ROME (AP) — The Vatican said Thursday that a preliminary church investigation into sexual assault allegations by a Canadian woman against a top cardinal, Marc Ouellet, has determined the case doesn’t warrant further investigation.

Vatican spokesman Matteo Bruni issued a statement responding to reports this week that Ouellet was one of several people named in a class-action lawsuit against the archdiocese of Quebec that accused several priests of sexual abuse or assault.

Ouellet, 78, headed the Quebec archdiocese from 2002-2010, when he became the powerful prefect of the Vatican’s bishops’ office. In that job, he oversees all of the Catholic Church’s investigations into allegations of sexual misconduct involving adults and bishops or cardinals.

Bruni confirmed allegations against Ouellet were received by the Vatican and investigated by a Jesuit theologian, the Rev. Jacques Servais. Servais determined there were no grounds to proceed further with a canonical investigation or trial, Bruni said.

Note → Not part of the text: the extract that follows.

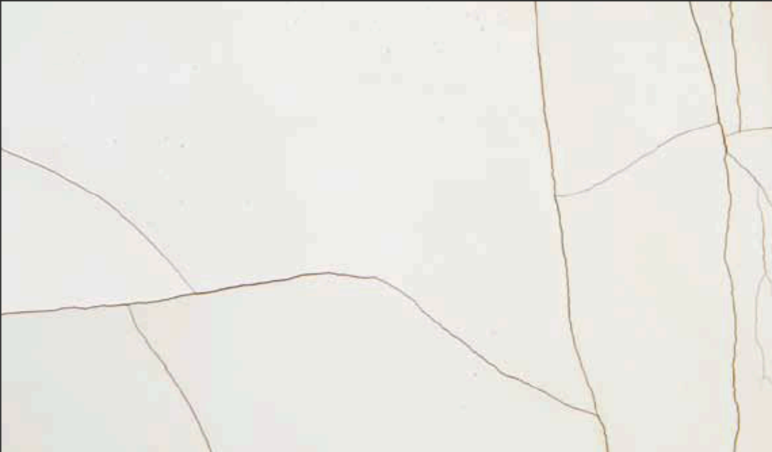
Divided Ground I: Ivory/White detail, 2011

Asked about the lawsuit, Servais said he came to that conclusion after having read the written allegations by the woman, identified as “F,” and having interviewed her via Zoom with a member of a diocesan committee present.

“This person didn’t bring forward an accusation that could provide material for an investigation,” the Vatican’s statement quoted Servais as saying.

As such, Pope Francis “declared that there are not sufficient elements to open a canonical investigation for sexual aggression by Cardinal Ouellet against F,” Bruni’s statement said.

The Catholic Church has fine-tuned procedures to investigate and sanction priests accused of sexual misconduct with minors, but it rarely takes punitive action against clerics accused of sexual misconduct with adults.

The woman was quoted by the Canadian Press and other media as accusing Ouellet of several incidents of unwanted touching, including sliding his hand down her back and touching her buttocks at a 2010 event in Quebec City.

Justin Wee, a lawyer for the woman, said his client is determined to prove her allegations in civil court.

“She’s very disappointed,” he said.” But she knows there’s no other choice but to go to civil court.”

Wee said she did not bring her complaint to the police.

“It’s up to her,” he said when asked why she didn’t go to the police, adding that she initially tookt her complaint to the Archdiocese of Quebec.

The archdiocese declined to comment on the suit because it is before the court.